Showing posts with label friend. Show all posts
Showing posts with label friend. Show all posts

Friday, 10 October 2014

Moving Forward

Yesterday ive finally got to a pain team appointment. Ive been having chronic on going pain, not just for my hip but because of the myopathy from the steroids. Unfortunatly at present no intervension is possible unless its with pain releif. Ive been maxing out on paracetamol, tramadol, codiene and oramorph with little to no effect so now ive been started on a tens machine which is hooked to my hip 24/7 and i turn it on for 1.5 hours every 4 times a day. Ive also been started on bupanorphine patch ontop of everything else. So far theres been no change other than the bupanorphine knocking me out and the tens machine causing pins and needles down my leg. My life seems like such an adventure lol.

Ubfortunatly, my friend who I mentioned a little while back, has remained in hospital and had started rehab and moved to a ward, sadly though today she has had to be taken back to intensive back and has been reventilated, really hope she continues to fight through this nasty infection that is still pumping through her body.

Weve had regular updates with regards to Dixie being at her foster mums. Initially we thought we have had to put her in the kennels as she wouldnt stop crying us which was resulting in noone sleeping. The foster mum had spoke to her husband and they decided that because she wasnt like a normal foster dog they looked after, they would let her upstairs in their sons room with him and suprise suprise, shes aparently the perfect house guest which is amazing to hear. So much so that the foster mum even felt she could let her off the lead over the feild today. Its lush to hear that shes doing so well. Just hope she remembers us when she comes home.

Thats all for now

TTFN

XXXX

Tuesday, 30 September 2014

Overwhelmed

Just woke up after falling asleep and its all abit weird in my head. So much has happened and its now getting to me.

Firstly,my friend i told u about is getting better. Shes now out of the critical stage and back with us talking and growing strong. Thank goodness. So pleased as was ubber worried.

The next thing being that Dixie has finally had someone say and be willing to foster her whilst we are in our temp place. Sadly it is 3 hours away but weve just got to be lucky that shes found a home which equally means we dont have to give her up long term as that would be heart breaking.

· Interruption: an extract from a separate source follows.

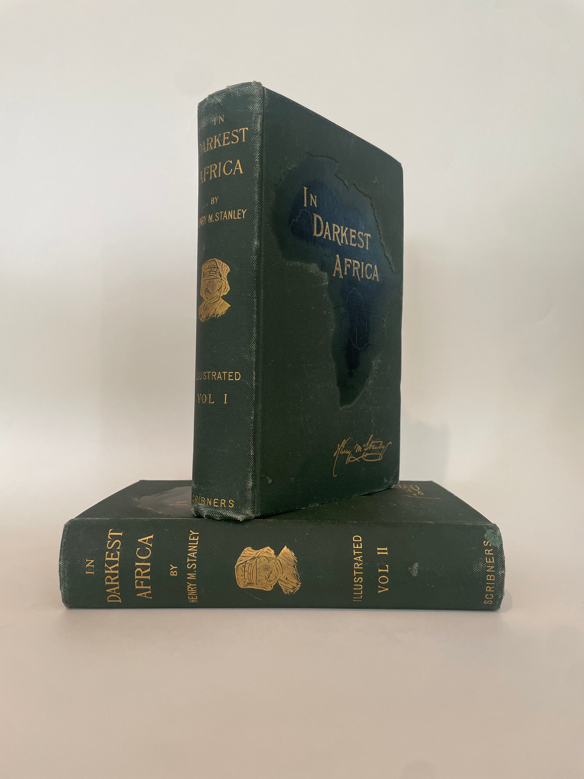 STANLEY, HENRY M., In Darkest Africa: or the Quest, Rescue and Retreat of Emin Governor of Equatoria by Henry M. Stanley with Two Steel Engravings, and One Hundred and Fifty Illustrations and Maps. In Two Volumes. New York: Charles Scribner's Sons, 1890. 2 volumes. Illustrated. Original green cloth boards with gilt. Spine gilt. Bumping to corners. Wear to edges of boards and spine. Hinges cracked. Title page of Vo.I is detached from binding. Good or better.

Next up is this bloody flat. I hate it. Its horrible. Its not ideal for me at all. To top it off the landlord is an ass. Weve begged him for Dixie to come with us and even said we would pay for cleaners to come in when we leave but no. He refused to sort out the water in the kitchen as for the last week weve had none. So i had to get on the floor to look and sort which is never good as i cant get off the bloody floor so my other half had to help me. Next up we went there to day to drop more stuff off and the bloody bay window roof is being ripped out and we hadnt been told. Im pretty sure we had to have 48 hours notice and yet we had none. We also still havnt received our electric key to be able to put money on the electric. We got told last wednesday 24 hours and we will have it. But no,again nothing. Which means weve £3 on the meter, a freezer full of food and i cant neb. Grand. It all just seems a night mare.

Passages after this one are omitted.